How many liberals, libertarians, conservatives and anarchists, to cite a few, dislike the outcomes that result from having an out of control State? It would be interesting to carry out a survey and find out exactly. However, a survey is not necessary, unless you are a statistics or a math fan, to learn that most people are dissatisfied with the current state of affairs. Proof that government involvement causes more harm than good is in every aspect of life. But it is not government or the State the party responsible for such outcomes, it is the people who support those States or governments who carry the blame.

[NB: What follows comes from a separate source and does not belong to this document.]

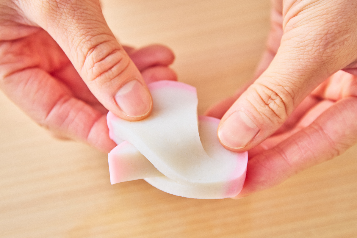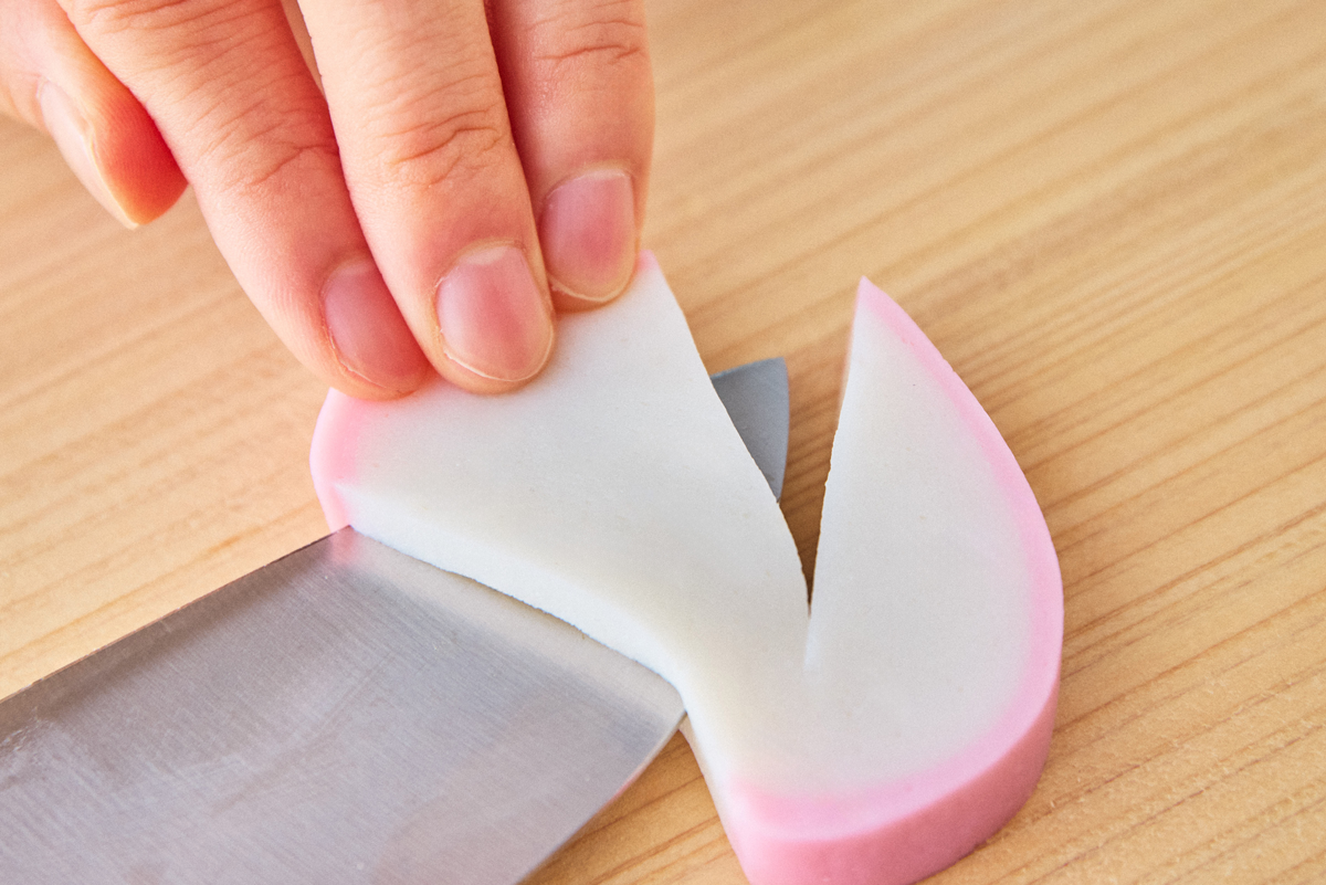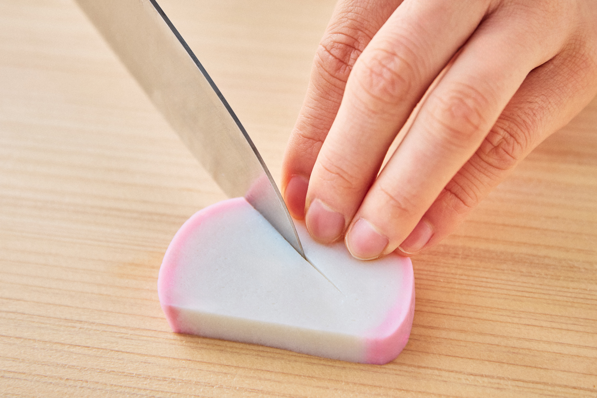 今回、飾り切りに使用したのは「特上蒲鉾」。日本近海のグチをメインに、地元相模湾のオオギスなどをブレンドし、小田原の工場で職人たちが石臼と杵ですり上げます。

 Although government and the power structures are seen as built in a pyramidal shape, the truth is that the government or State is built horizontally. See, government is composed by the people that give it the legal and moral support to exist, and so those very same people are responsible for whatever the State or government does or does not do. Therefore, all things that originate from the State -good or bad- are a direct result of the people supporting the system we know today as the government or the State.

 The problem is, most people do not know or understand this. People complain about the current state of affairs without realizing that they are to blame for the misery they are experiencing. Other people do recognize it, but are too hypocrite or afraid to do something about it. They do not speak against it because they fear social rejection. Those afraid should be happy to know that the problem of an abusive and out of control State or government is solved with actions, not words. Why? Because language is so fragile that it can be bent in all sorts of ways to say whatever anyone wants. It is nearly impossible to inject a dose of common sense into anyone who has been previously indoctrinated; and we all are to a certain degree. However, if one acts on something that is seen as wrong or abusive, other people will see what we mean and realize, all by themselves, that our actions make more sense than what they have thought all their lives to be true.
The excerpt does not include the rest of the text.